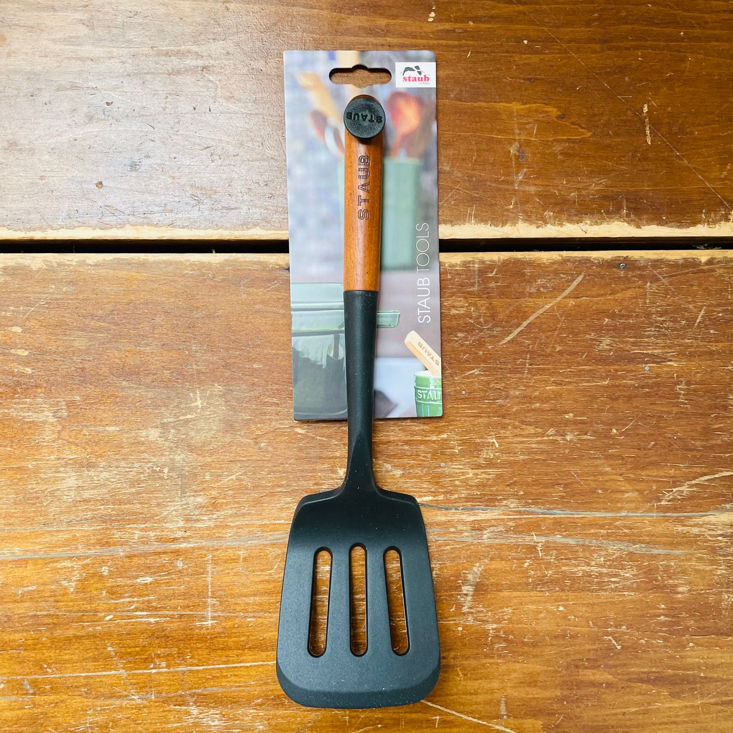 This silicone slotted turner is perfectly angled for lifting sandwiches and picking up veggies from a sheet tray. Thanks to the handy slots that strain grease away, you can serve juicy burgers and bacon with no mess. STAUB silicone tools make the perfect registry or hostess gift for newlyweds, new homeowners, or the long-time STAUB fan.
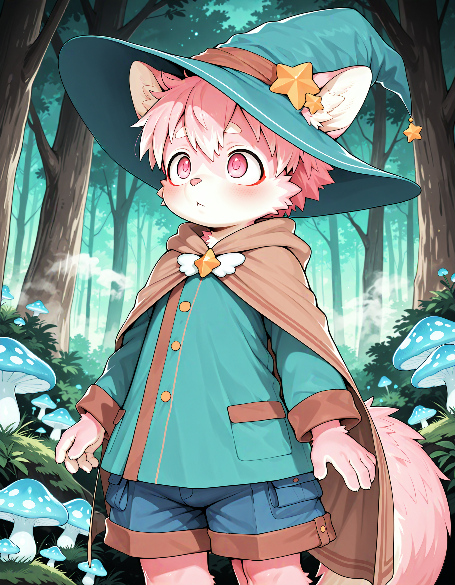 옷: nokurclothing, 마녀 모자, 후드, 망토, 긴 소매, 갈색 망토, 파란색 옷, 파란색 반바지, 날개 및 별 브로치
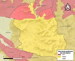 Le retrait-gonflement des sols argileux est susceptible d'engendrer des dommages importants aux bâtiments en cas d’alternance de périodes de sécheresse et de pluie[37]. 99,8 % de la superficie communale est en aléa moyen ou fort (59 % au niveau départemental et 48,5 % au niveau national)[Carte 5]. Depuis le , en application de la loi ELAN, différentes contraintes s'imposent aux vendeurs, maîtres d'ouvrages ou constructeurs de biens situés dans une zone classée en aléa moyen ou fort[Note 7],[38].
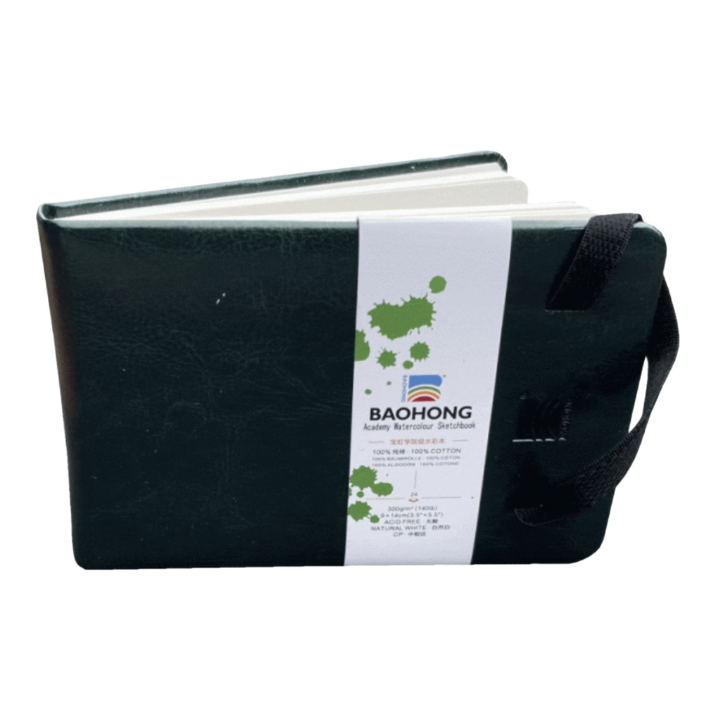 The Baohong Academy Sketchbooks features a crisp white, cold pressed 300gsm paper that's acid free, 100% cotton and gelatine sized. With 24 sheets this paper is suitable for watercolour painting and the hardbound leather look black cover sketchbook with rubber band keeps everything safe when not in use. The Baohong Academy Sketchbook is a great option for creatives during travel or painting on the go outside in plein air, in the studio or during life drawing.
◇ ◇ ◇ ◇
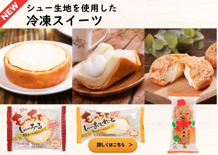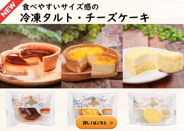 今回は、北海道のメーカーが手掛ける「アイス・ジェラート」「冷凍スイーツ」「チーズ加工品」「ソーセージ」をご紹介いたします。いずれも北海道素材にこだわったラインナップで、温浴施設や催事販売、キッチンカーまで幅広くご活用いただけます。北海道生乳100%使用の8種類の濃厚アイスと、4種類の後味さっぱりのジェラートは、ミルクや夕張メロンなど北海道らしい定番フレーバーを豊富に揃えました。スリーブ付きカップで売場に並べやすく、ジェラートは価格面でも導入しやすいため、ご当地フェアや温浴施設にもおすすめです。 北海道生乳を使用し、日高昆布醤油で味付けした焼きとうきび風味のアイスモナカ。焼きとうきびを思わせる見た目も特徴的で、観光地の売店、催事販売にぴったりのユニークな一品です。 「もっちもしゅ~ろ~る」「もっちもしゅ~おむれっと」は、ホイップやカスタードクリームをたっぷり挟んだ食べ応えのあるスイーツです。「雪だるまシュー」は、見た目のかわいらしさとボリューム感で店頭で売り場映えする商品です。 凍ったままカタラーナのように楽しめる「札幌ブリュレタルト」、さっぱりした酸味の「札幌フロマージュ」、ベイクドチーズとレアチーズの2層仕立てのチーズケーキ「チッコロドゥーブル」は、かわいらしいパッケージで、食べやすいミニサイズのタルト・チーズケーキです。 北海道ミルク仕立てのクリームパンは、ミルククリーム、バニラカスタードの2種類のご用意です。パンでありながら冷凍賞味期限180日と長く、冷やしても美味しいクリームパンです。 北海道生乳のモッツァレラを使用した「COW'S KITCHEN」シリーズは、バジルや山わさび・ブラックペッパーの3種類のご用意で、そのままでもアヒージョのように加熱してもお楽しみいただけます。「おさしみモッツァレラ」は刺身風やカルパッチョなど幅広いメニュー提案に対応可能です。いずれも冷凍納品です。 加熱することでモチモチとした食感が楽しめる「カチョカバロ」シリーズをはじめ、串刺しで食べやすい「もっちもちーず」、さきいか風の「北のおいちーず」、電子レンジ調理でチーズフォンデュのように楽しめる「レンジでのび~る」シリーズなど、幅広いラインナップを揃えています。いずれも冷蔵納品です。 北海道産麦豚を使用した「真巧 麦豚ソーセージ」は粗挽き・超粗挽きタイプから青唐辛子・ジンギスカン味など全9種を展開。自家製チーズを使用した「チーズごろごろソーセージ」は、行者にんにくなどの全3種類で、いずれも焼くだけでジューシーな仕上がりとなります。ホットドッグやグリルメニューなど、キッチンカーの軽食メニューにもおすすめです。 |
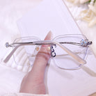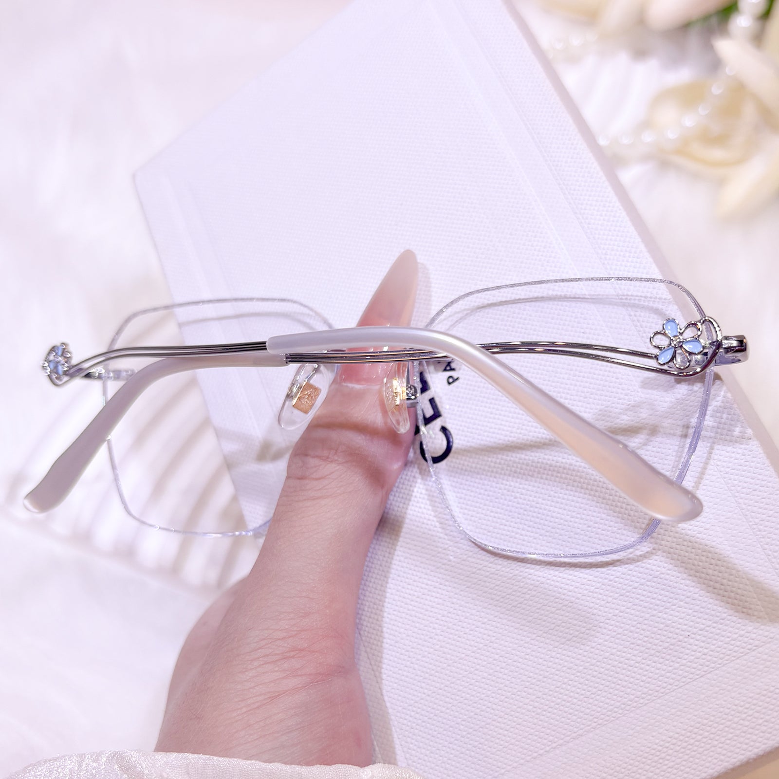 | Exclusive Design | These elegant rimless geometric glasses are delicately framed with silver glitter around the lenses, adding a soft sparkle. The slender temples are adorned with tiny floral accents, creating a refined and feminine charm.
◇ ◇ ◇ ◇
Beginning at the line that has "This silicone slotted" and ending at the line that has "옷: nokurclothing, 마녀", restate the listing above word for word, pictures left out.

 This silicone slotted turner is perfectly angled for lifting sandwiches and picking up veggies from a sheet tray. Thanks to the handy slots that strain grease away, you can serve juicy burgers and bacon with no mess. STAUB silicone tools make the perfect registry or hostess gift for newlyweds, new homeowners, or the long-time STAUB fan.
 옷: nokurclothing, 마녀 모자, 후드, 망토, 긴 소매, 갈색 망토, 파란색 옷, 파란색 반바지, 날개 및 별 브로치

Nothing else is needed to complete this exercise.